This is a sticky subject right now. Being that it is controversial, rarely agreed upon, and a current hot issue, of course I have a hard-set opinion on it. Lets jump right into it. Making new rules regarding transgender children and their rights and treatment while at school is causing a lot of headaches and heartache. There are a variety of viewpoints and LOTS of parenting opinions on transgender children. Letting your child dress in opposite-sex-role clothing seems harmless to some, seems simply like a phase to others, and offends more than a few. Let me be the first to acknowledge that not every kid who wants to be a boy or a girl is transgender. I grew up with two brothers, and genuinely thought I was just another boy at times.

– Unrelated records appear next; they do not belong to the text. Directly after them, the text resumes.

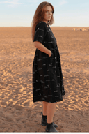 Rural Outback Eclipse Navy Embroidered Organic Linen Short Sleeve Dress Best Seller
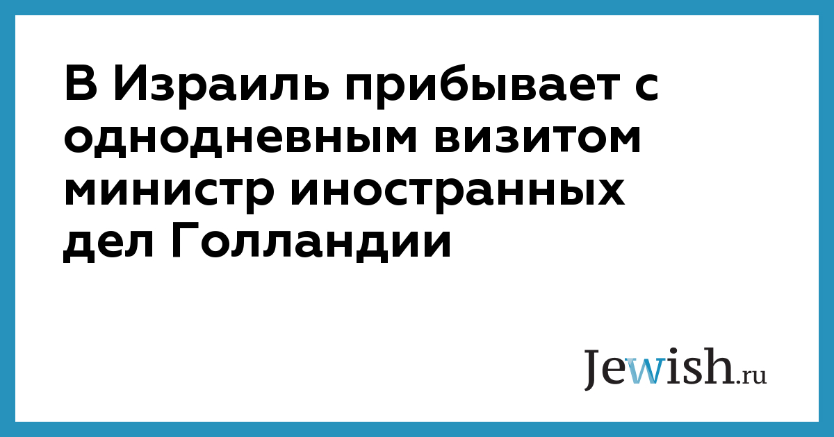Этот визит станет первым посещением Израиля главой голландского МИДа, занявшего этот пост в январе 2004 года.
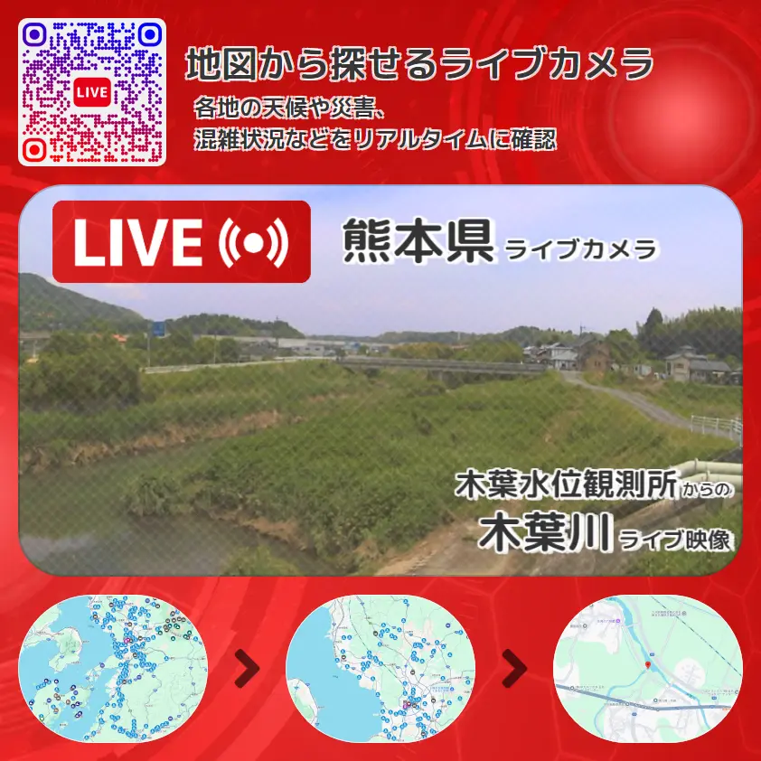 熊本県 「木葉川」ライブ映像(木葉水位観測所 設置カメラ) ライブカメラ 監視カメラ
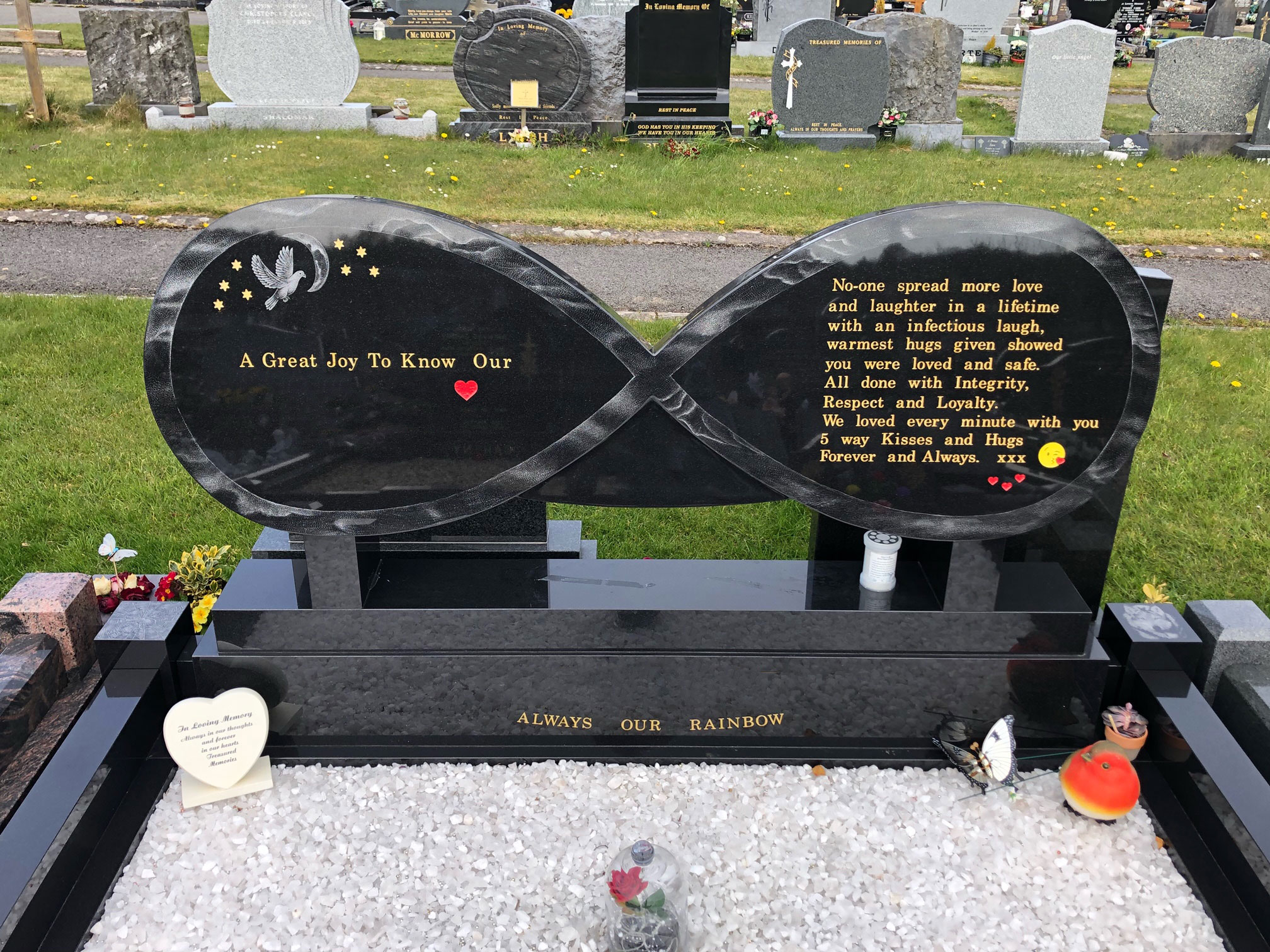 We make headstones to suit all styles and budgets and offer a range of materials including marble, limestone, granite, and natural stone gravestones. Our headstones come in a large number of shapes and sizes and are carved by our own master craftsmen to the highest of professional standards and we also offer a range of different shades, designs, shapes and finishes to suit your needs. Our master craftsmen create completely bespoke stonework using granite, marble, or limestone sourced from around the world. At CK Monumental, we believe that every headstone should be as unique as your loved one and adds a personal touch to their resting place. All headstones can be customised with bespoke inscriptions including text and imagery. Our custom-made headstones can be made to suit the size of the plot and are available with or without kerbing. We handle a variety of requests and always do our utmost to ensure that the headstone provided is a unique and fitting tribute to your departed love ones.
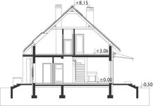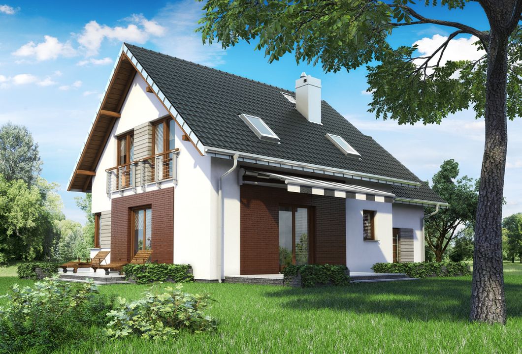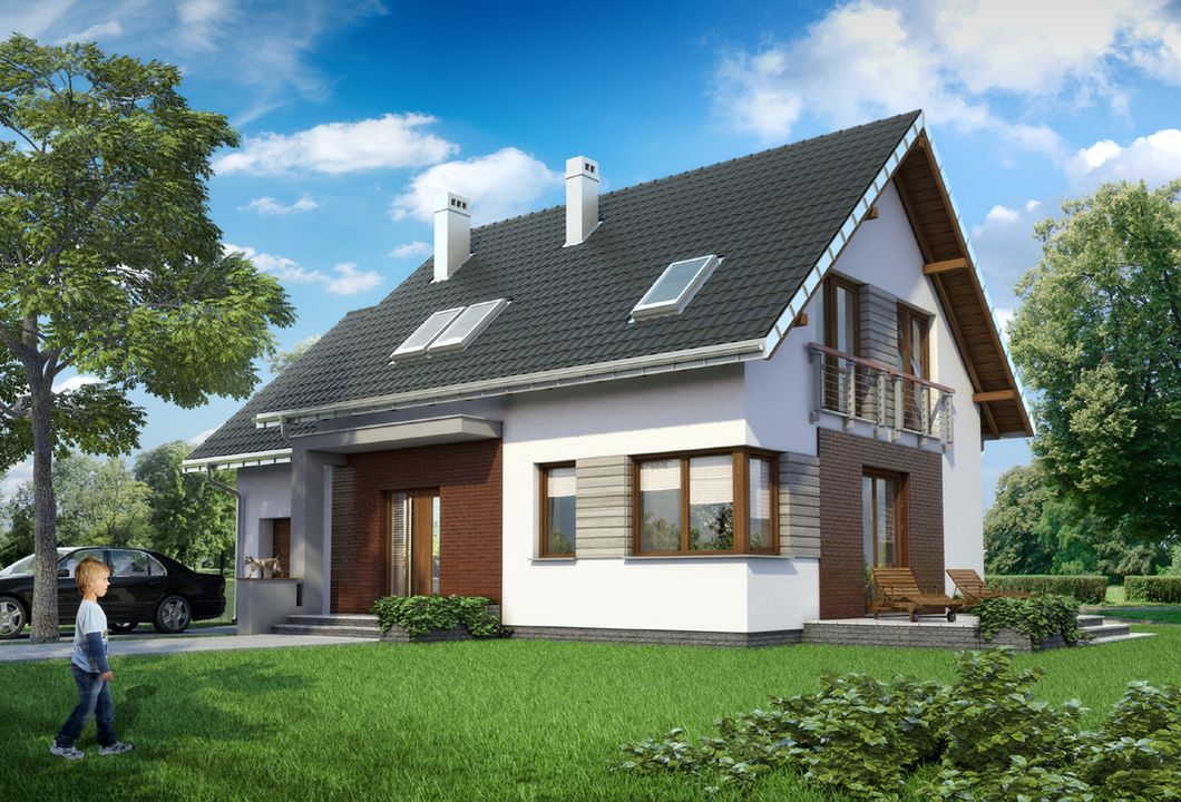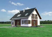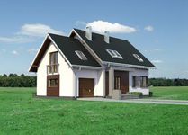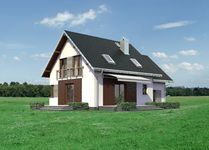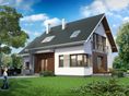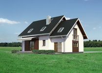 Graficzne opracowanie rzutów poglądowych widocznych na karcie projektu zostało wykonane przez Extradom.pl. Prezentowane przez Extradom.pl wizualizacje wykonane zostały przez autora projektu i należy poczytywać je jedynie za przykład i propozycję wykończenia, wizję architektoniczną autora projektu. Ostateczne wykończenie budynku może nastąpić na wiele sposobów. Szczegółowe rozwiązania zastosowane w oferowanej dokumentacji - w tym również ilość, lokalizacje i wygląd okien, drzwi, kominów - mogą w niewielkim stopniu różnić się od prezentowanej wizualizacji budynku.
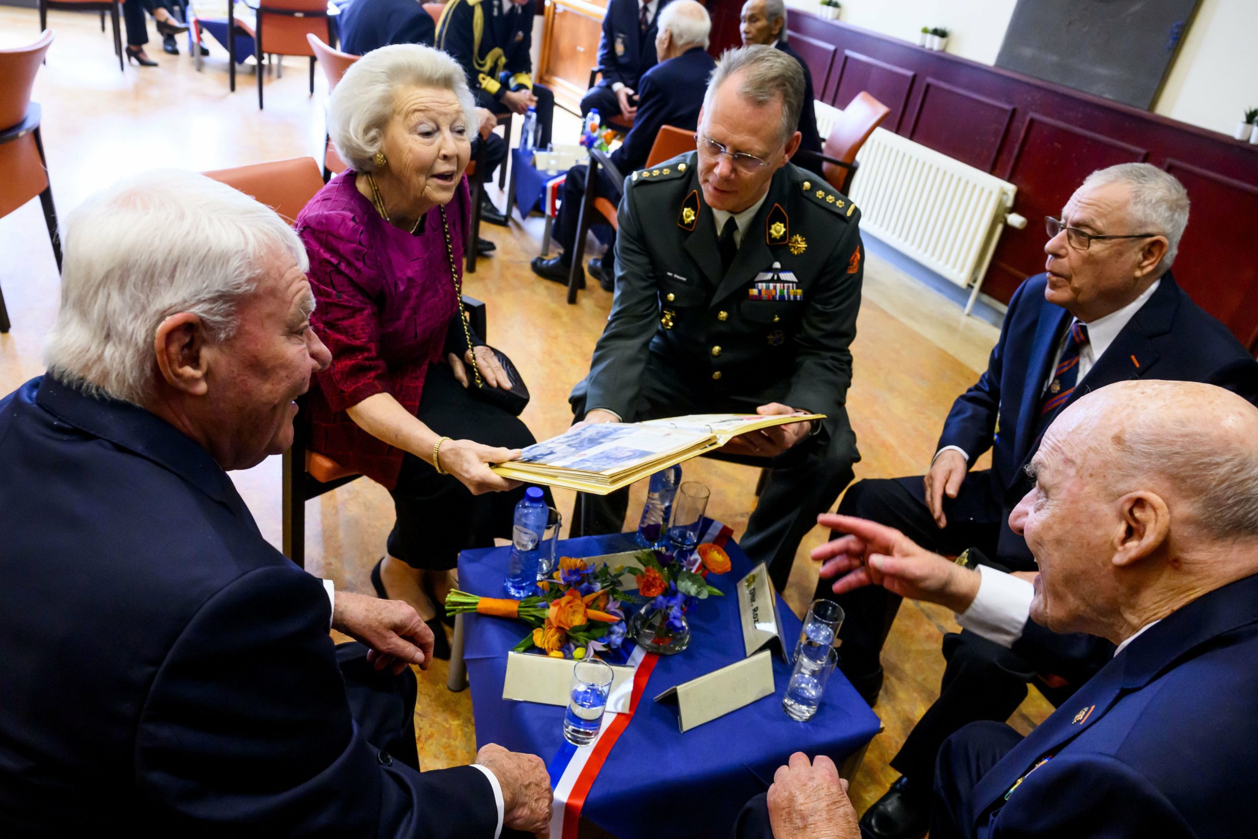 Prinses Beatrix heeft vrijdag haar bezoek aan het Koninklijk Tehuis voor Oud-Militairen en Museum Bronbeek in Arnhem ingehaald. De 85-jarige prinses zou eigenlijk vorige maand al langsgaan, maar dat ging niet door omdat ze haar pols had gebroken tijdens een wintersportvakantie in Oostenrijk. Beatrix had haar pols vrijdag nog steeds in het gips.

There is nothing wrong with a kid who wants to try out another identity. They’ll keep doing that for a long time. I mean, how many people went “goth” at some point in high school? Now, lets also acknowledge that from a very young age some children know for a fact that they’re in the wrong body. They don’t feel comfortable with themselves or their assigned gender role. That’s okay too. The last thing those children need is to be constantly shoved back into a mold that they don’t fit in. I understand that not everyone shares this opinion, but here’s where it really gets tricky. Can we not agree that telling a child to change their ingrained personality over and over isn’t damaging? It would be scary for anyone to change in front of, use the bathroom in front of, or shower in front of people they aren’t comfortable around. Imagine if you faced harassment every gym class. That is what’s happening, and that’s what people are starting to see.
By Rikki Marie Dubois (sourced from amazon.com)
Transgender education sites, books, cartoons, and other helpful (and adorable) sources are popping up all over the place as a resource for both parents and caretakers everywhere. There are people fighting and winning battles to let their child use the bathroom/locker room that they’re comfortable in all over the U.S. This is a tense issue for some, as they don’t want their child exposed to such a confusing issue so young. Here’s my opinion though: This issue is so confusing and complicated because most of us are learning about it as adults. It’s change for us, and change can be uncomfortable. However, if you raise your young ones to learn and accept others as they come (no matter WHAT shade of the rainbow that may be), they’ll grow up with that as a normal part of life. It won’t be hard for them to figure out later in life why that man is wearing lipstick, or why that girl’s hair is so short. It will just be another person on the street to them. THAT, my friends, is a powerful thing.